A deeper dive on the findings of Kaplan et al. (2020), and how Chinchilla built on those findings can be found in Appendix A.

Chinchilla’s general approach then, is to compute \((N_{\text{opt}}, D_{\text{opt}})\) for a few small values of \(C\), and use them to extrapolate \((N_{\text{opt}}, D_{\text{opt}})\) for the \(C\) equivalent to the full training run.

Chinchilla Scaling

The full Chinchilla paper uses three different methods (fixed model size, fixed FLOPs and parametric fitting) to estimate the scaling behavior between model size and data, with similar results across all three. We focus on approach 2, where they use a set of 9 different FLOPs counts (from \(6 \times 10^{18}\) to \(3 \times 10^{21}\)). The method is as follows:

Calculating an IsoFLOP curve

First, for a given \(C\), train multiple models, varying \(N\) and \(D\) such that the FLOPs count remains \(C\). Compute the validation loss \(L\) of each model, producing a plot like this:

Note that the Chinchilla paper uses a more detailed approach to calculating \(C\) than Kaplan et al. (2020)’s \(C\approx 6ND\) approximation, explained in Appendix F. The \(C\approx 6ND\) approximation is within 10% across two orders of magnitude (Table A4), so it’s still a good mental model!

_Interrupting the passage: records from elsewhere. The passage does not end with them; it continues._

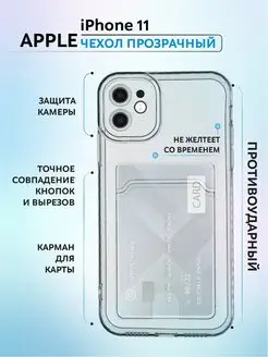 Чехол на iPhone 11 прозрачный, силиконовый, карман для карты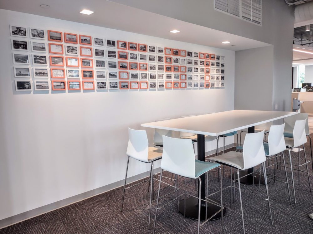 Cubicles have safety partitions, but at this point, social distancing is easy with fewer on-site employees. Even face-to-face meetings are adaptable to just about any arrangement, with options from casual whiteboard setups to roomy one-on-one spaces to formal boardrooms. There’s even an outdoor meeting space with a TV monitor. Having so many different types of meeting places throughout the building was intentional, Urban said, and is part of the ongoing feedback collection from colleagues, to see which types they’d like more (or fewer) of.
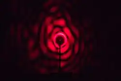 En 2009, une tache de Fresnel a pu être produite avec un jet supersonique de molécules de deutérium (qui sont des ondes de matière[21] électriquement neutres). On sait par la mécanique quantique que les particules matérielles peuvent se comporter comme des ondes. La nature ondulatoire des particules remonte aux théories de hypothèse de de Broglie[22] et à l'expérience de Davisson et Germer[23]. On peut observer des taches de diffraction d'électrons, qui sont un type d'ondes de matière, en microscopie à transmission électronique lorsque l'on examine des structures circulaires d'une certaine taille.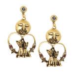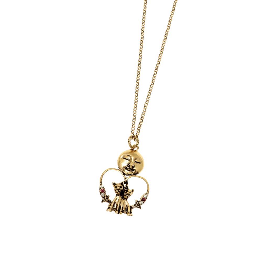 Collana realizzata interamente a mano in ottone dorato. Il ciondolo rappresenta la scena romantica di due gatti al chiaro di luna, impreziosito da pietre preziose.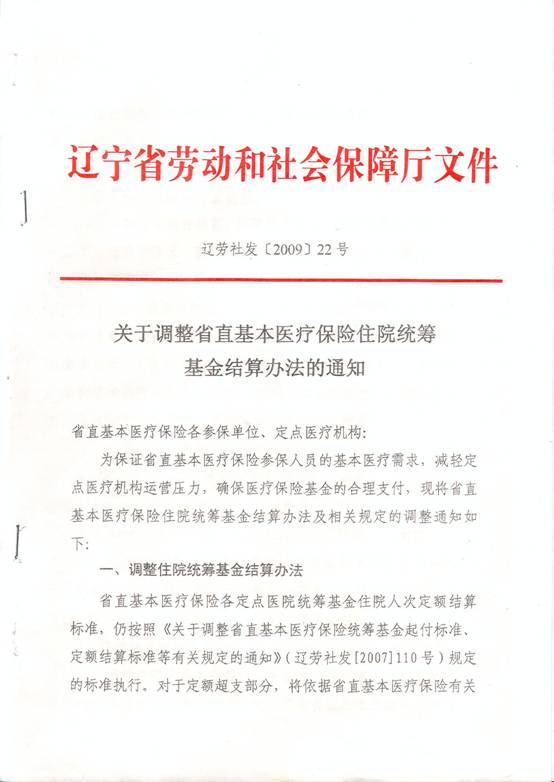 关于转发《关于调整省直基本医疗保险住院统筹基金结算办法的通知》(辽劳社发[2009]22号)的通知

Then, fit a parabola to the points \((\log N, L)\). This allows us to predict the loss of each model of size \(N\) trained under the fixed amount of compute \(C\). The authors call this an IsoFLOP curve7, and it allows us to find \(N_{\text{opt}}\), the model size with the lowest loss for that \(C\).

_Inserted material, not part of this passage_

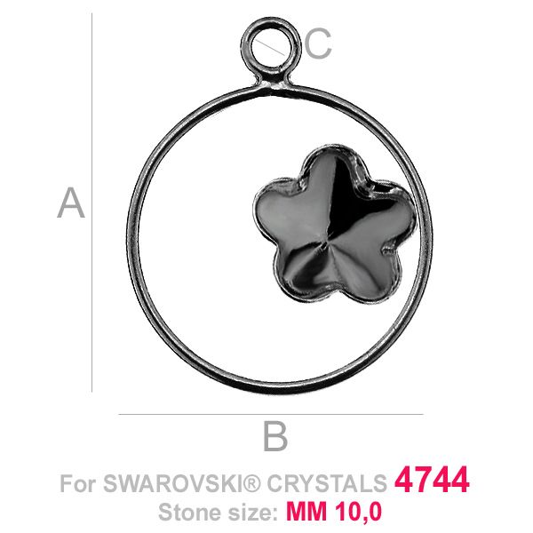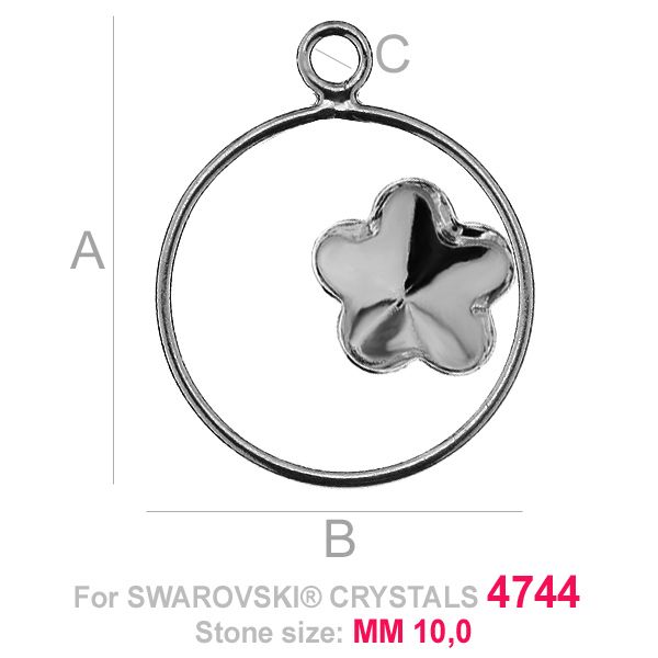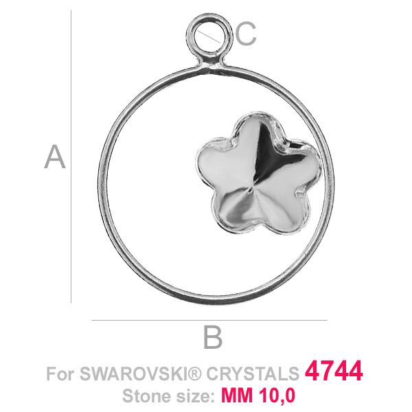 Pendant - base for Flower Fancy in circle 4744 10 MM, sterling silver 925

This process is then repeated for each of the 9 values of \(C\), resulting in the full IsoFLOP curves plot:

Figure 3 (left) from Hoffmann et al. (2022)

Model Scaling

Each of these 9 curves above have one value of \(N_{\text{opt}}\). The authors then fit a power law \(N_{\text{opt}} = AC^a\) to the points \((C, N_{\text{opt}})\). This is where the scaling law appears: when \(a=0.49 \approx 0.5\), they obtain a very tight fit to the empirically calculated \(N_{\text{opt}}\) values. This allows them to extrapolate the best model size (66B) for Chinchilla’s full run of \(5.76 \times 10^{23}\) FLOPs, two orders of magnitude larger than the largest IsoFLOP curve of \(3\times10^{21}\) FLOPs.

Figure 3 (center) from Hoffmann et al. (2022)

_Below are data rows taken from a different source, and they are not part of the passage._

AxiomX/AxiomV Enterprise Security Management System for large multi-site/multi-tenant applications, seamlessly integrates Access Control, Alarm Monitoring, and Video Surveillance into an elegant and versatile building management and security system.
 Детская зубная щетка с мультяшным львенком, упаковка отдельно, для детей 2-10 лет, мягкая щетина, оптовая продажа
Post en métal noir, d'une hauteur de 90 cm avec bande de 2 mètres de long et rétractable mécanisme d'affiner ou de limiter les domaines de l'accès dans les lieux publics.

Extrapolating two orders of magnitude in FLOPs is quite the jump, but there’s an exact reason \(C=5.76 \times 10^{23}\) is chosen for the full training run - the same amount of compute was used to train the preceding Gopher 280B (Rae et al. (2022)) model. According to the scaling laws calculated here, a compute optimal model for Gopher’s compute budget should be 4x smaller, trained on 4x more tokens.

This prediction is tested empirically, and it holds, validating the scaling laws: Chinchilla 70B outperforms Gopher 280B on a suite of benchmarks, as detailed in Section 4.2 in the paper.

Data Scaling

With scaling, the discussion usually centers on how to scale the model size w.r.t. increasing compute. This is because \(N\) and \(D\) are not independent: for a fixed \(C\), if you know \(N_{\text{opt}}\) you also know \(D_{\text{opt}}\)8. Fitting a similar power law, \(D_{\text{opt}} = BC^b\), the authors obtain \(b=0.51 \approx 0.5\)9, which one should see as an alternate view of the same finding above!

Figure 3 (right) from Hoffmann et al. (2022)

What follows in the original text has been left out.